What it cannot tell you
The quality arm is where the careful reader slows down. Of 20 metrics, 12 showed statistically significant trajectory differences for AI-adopting hospitals after correction. Some ran favourable — heart-failure 30-day mortality (slope difference -0.20) and pneumonia mortality (-0.32) drifted down, with fewer excess acute-care days after discharge. Others ran the wrong way: emergency-department median times lengthened (+1.16), more patients left the ED before being seen, and sepsis-care measures worsened (SEP-1 +0.91). That split is more believable than a clean win would be — and the authors are right to read it as association, not effect. Hospitals that adopt predictive AI differ from those that do not in staffing, case mix and baseline digitisation, any of which could move both adoption and outcomes. The study cannot separate the tool from the kind of hospital that buys it; its own random-forest model reached only an AUROC (area under the receiver-operating-characteristic curve) of 0.67, which the authors note reflects exactly such unmeasured confounding.
Two limits are structural and worth naming. The exposure is a survey checkbox: that a hospital "uses AI-based predictive models" says nothing about which model, for what task, on whom, or whether anyone acts on its output — the authors concede their categories are too coarse to tie to any specific outcome.
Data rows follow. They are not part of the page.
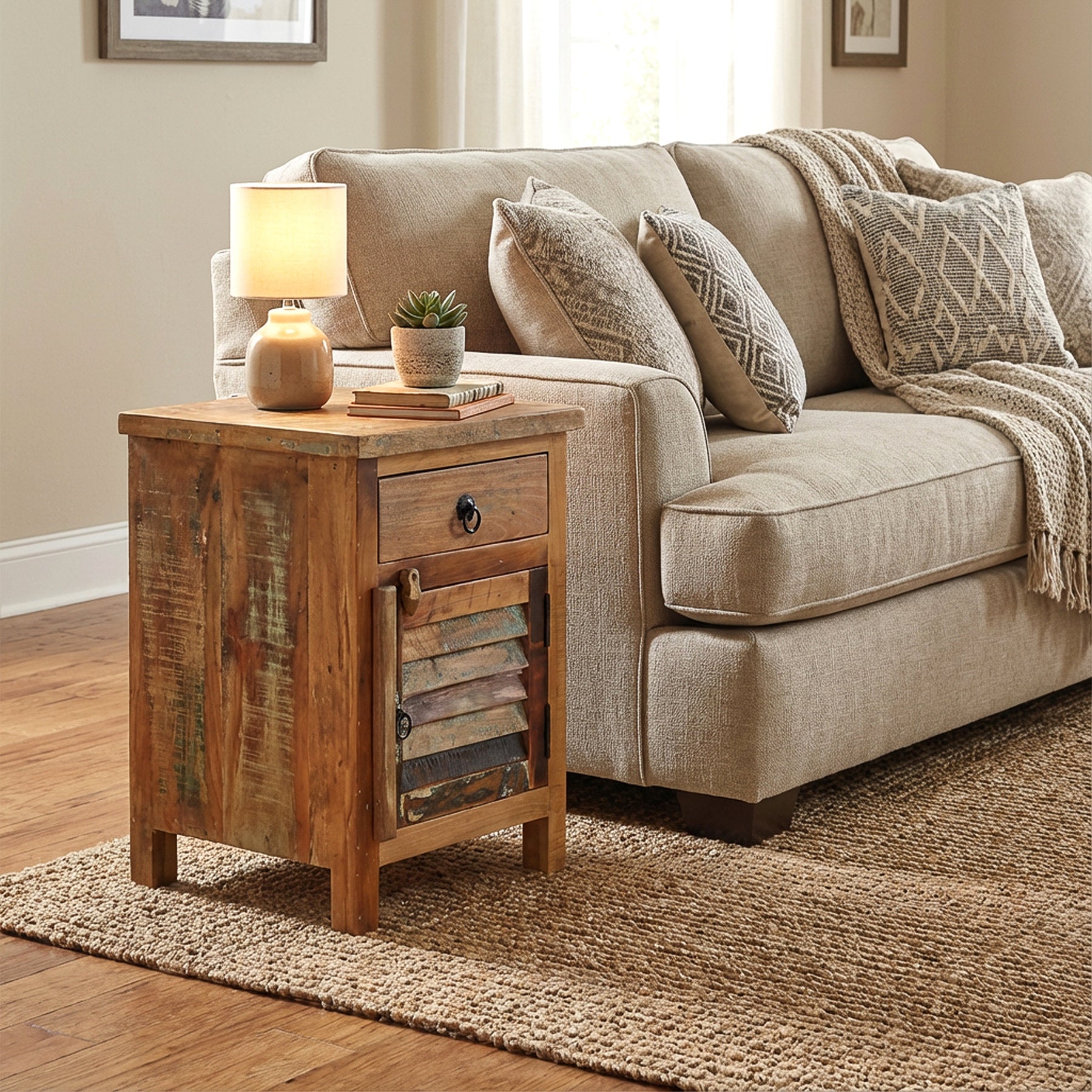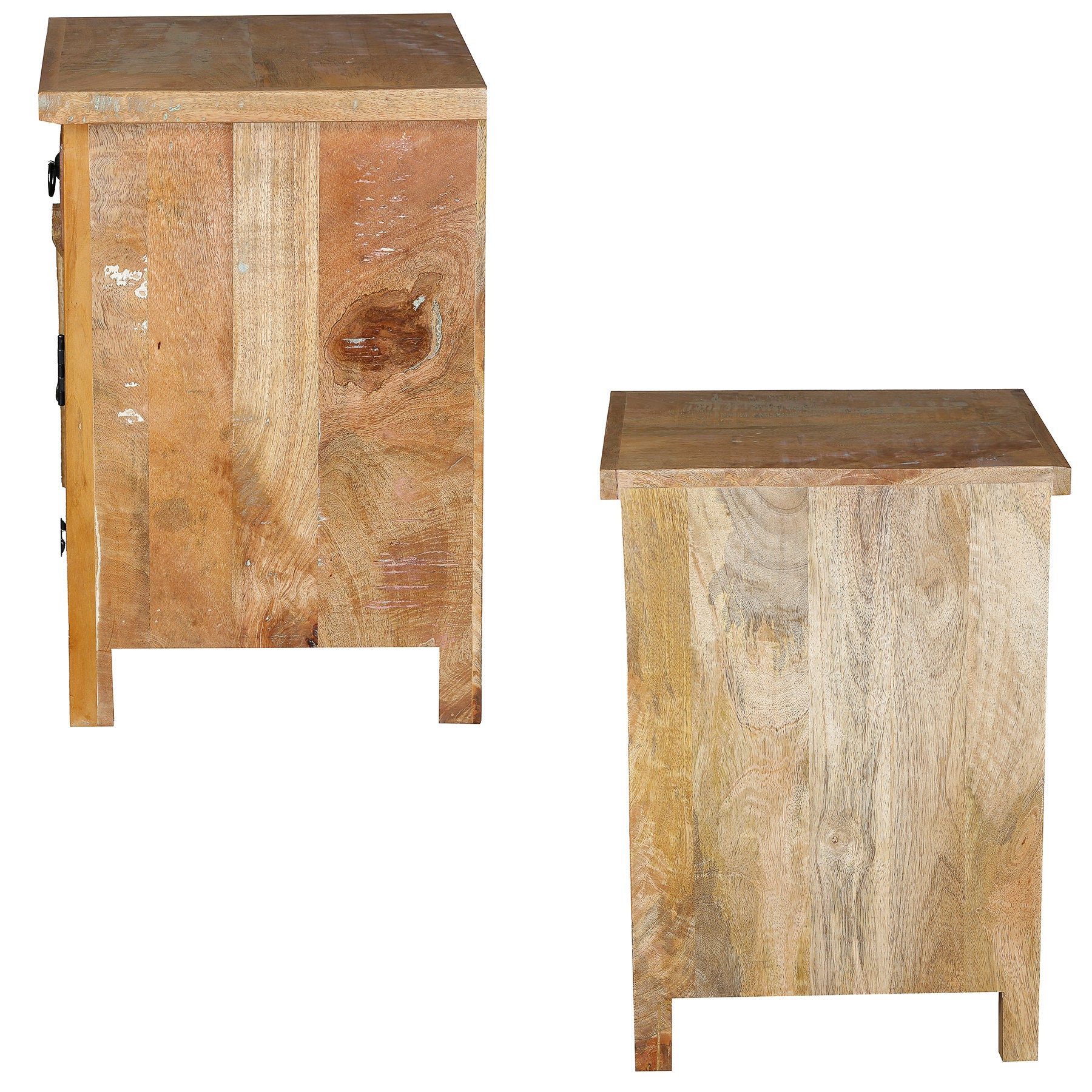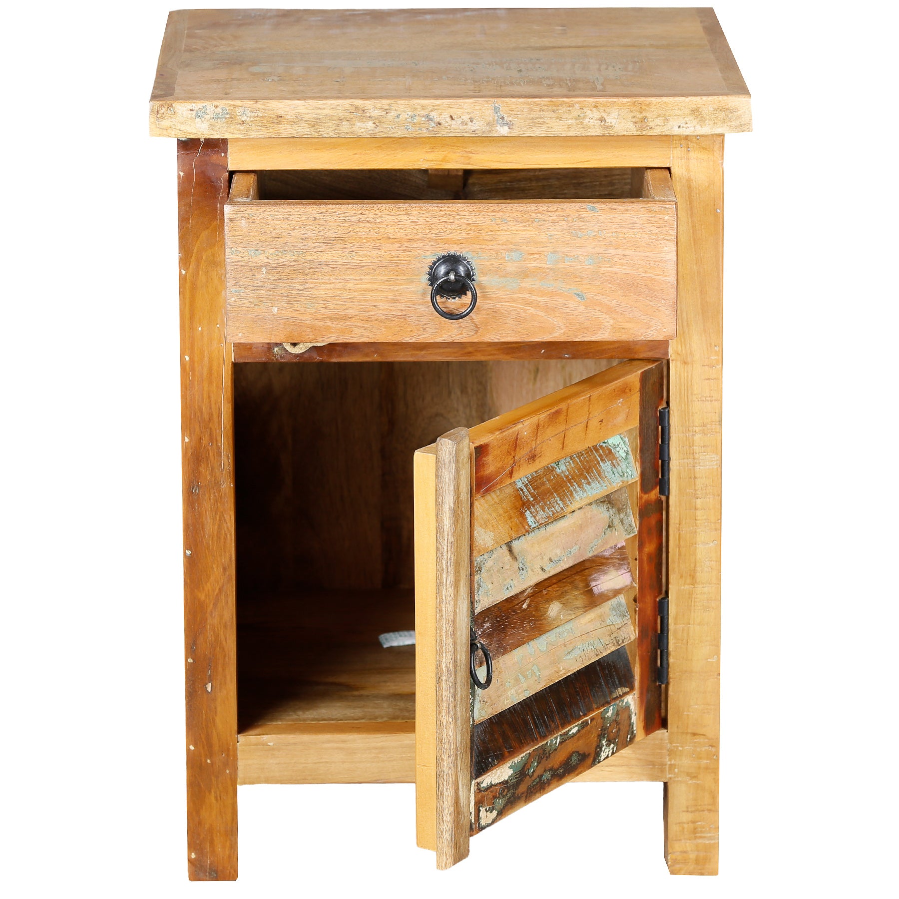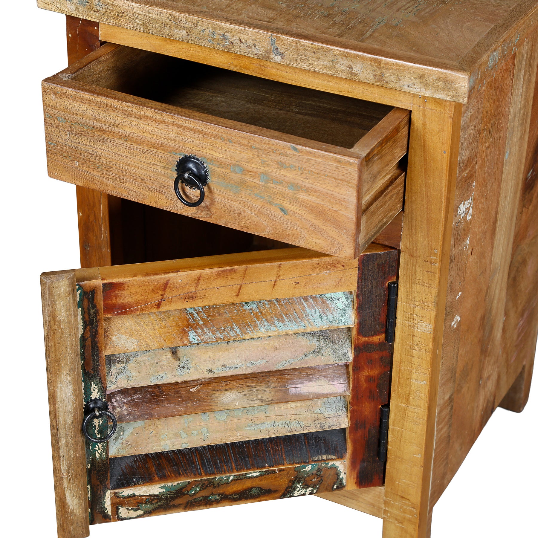 Kommode aus massivholz mit Schublade und Tür, mit Patchwork-Front aus Holzplanken und Metallringgriffen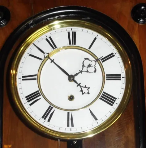 Austrian, 30-Day Vienna Regulator in a nice transitional case with smooth side columns, with ebonized accents. Has a good movement with Harrison's ratchet maintaining power. Remember to wind to the left.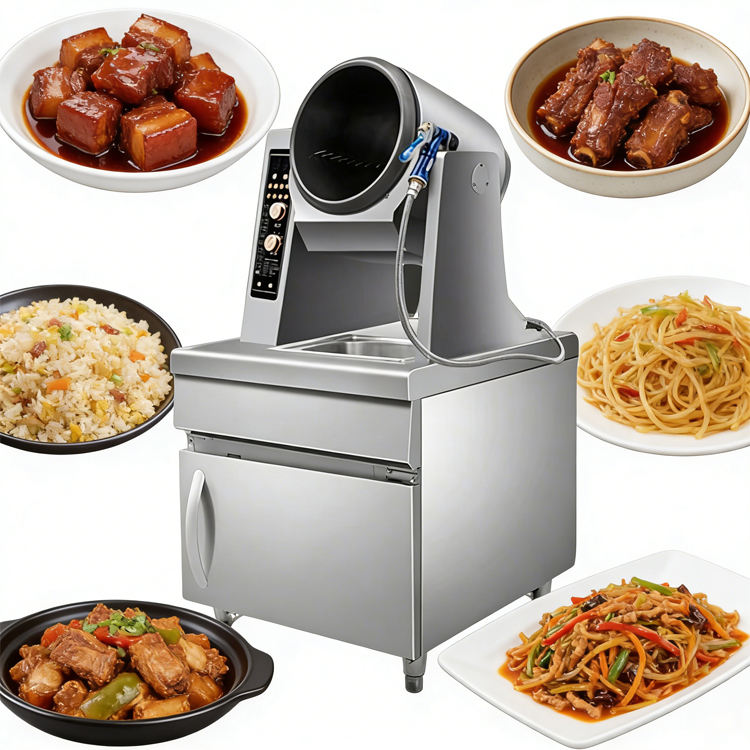 เครื่องผัดทอดอัตโนมัติสำหรับห้องครัวผีหลายยี่ห้อทำงานได้หลากหลาย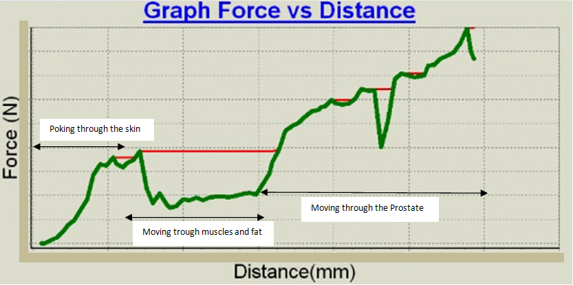 Real Time Graph (Prostate Phantom Device Test Bed) - of force as function of needle depth penetration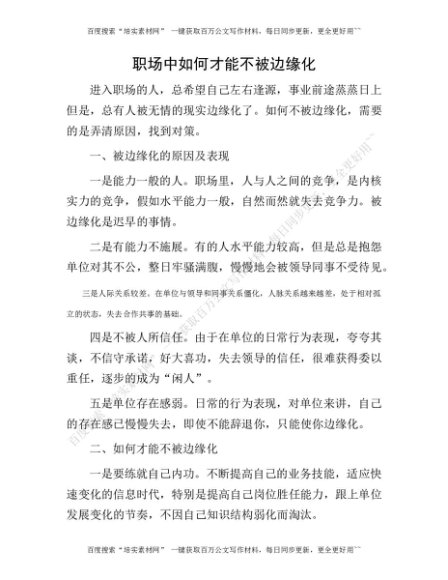 职场中如何才能不被边缘化[更多资源请百度搜索“培实素材网”]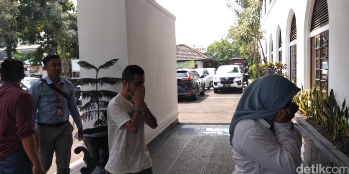 Para tersangka datang menggunakan mobil Ditreskrimum Polda Jabar. Faisal mengenakan kaos putih sementara tersangka perempuan kompak mengenakan kemeja putih.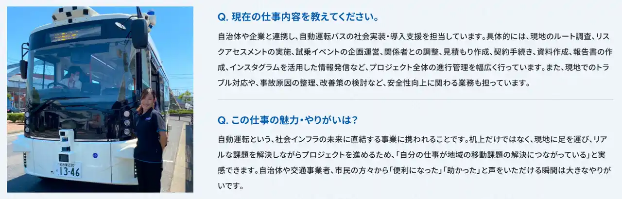 ・当社が描く未来のモビリティ社会のビジョン ・当社が参画する全国各地の自動運転社会実装事業の事例紹介 ・営業、技術、開発それぞれのフィールドで活躍する社員の声 ・モビリティ・DX事業本部長からのメッセージ |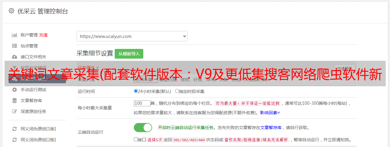 优采云 发布时间: 2022-02-10 03:09关键词文章采集(配套软件版本:V9及更低集搜客网络爬虫软件新版本对应教程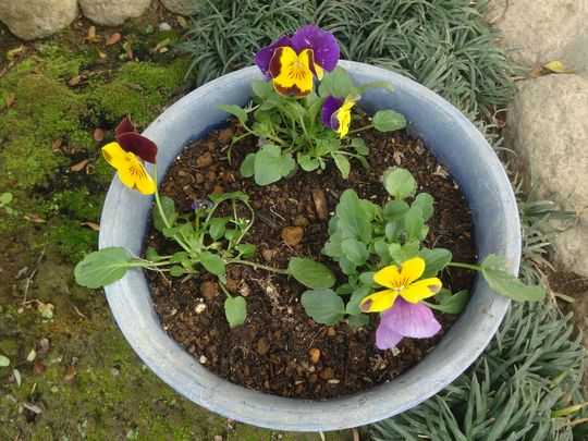 ユリの球根が植えてある鉢にもビオラの発芽苗、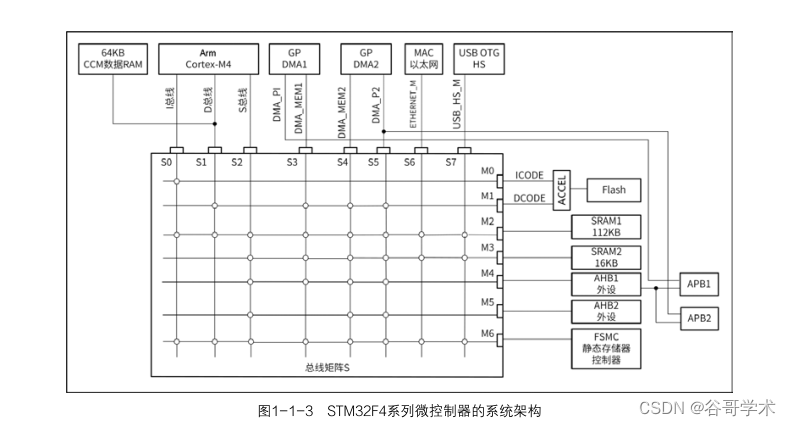 STM32F4 系列微控制器在片上集成了各种功能部件,各部件之间通过总线相连。这些功能

And the unit is the hospital, not the patient, so inferring individual benefit from facility-level correlations would be an ecological overreach. None of this sinks the work. It fixes the ceiling on what the work can claim.
“The strongest predictor of whether a hospital had adopted AI was not its size or its budget. It was whether it could already move data at all.”
Why it travels
The figures are American and the survey instrument is American; neither maps onto a German or European system unedited. The mechanism does. If the ability to exchange data is the gate that decides which hospitals can use AI at all — and the most spatially consistent signal in the paper says it is — then the unglamorous work of standards, structured records and moving a discharge letter without a fax is not merely a precondition for AI. It is what determines whether AI ever reaches the places that need it most. The risk this preprint documents is not that the technology fails. It is that it succeeds unevenly and hardens a divide that existed before it arrived. For anyone allocating a digitisation budget, that is the case for funding the connections before the algorithms.
Source: Hwang Y-M, Ng MY, Pillai M, Sahai MP, Hernandez-Boussard T. AI Implementation in U.S. Hospitals: Regional Disparities and Health Equity Implications. medRxiv, posted 28 June 2025; doi:10.1101/2025.06.27.25330441; funded by The SCAN Foundation, no conflicts of interest reported. An unrefereed preprint with an observational, hospital-level design — its findings are associations, not causal effects; a peer-reviewed version has since appeared in Nature Health.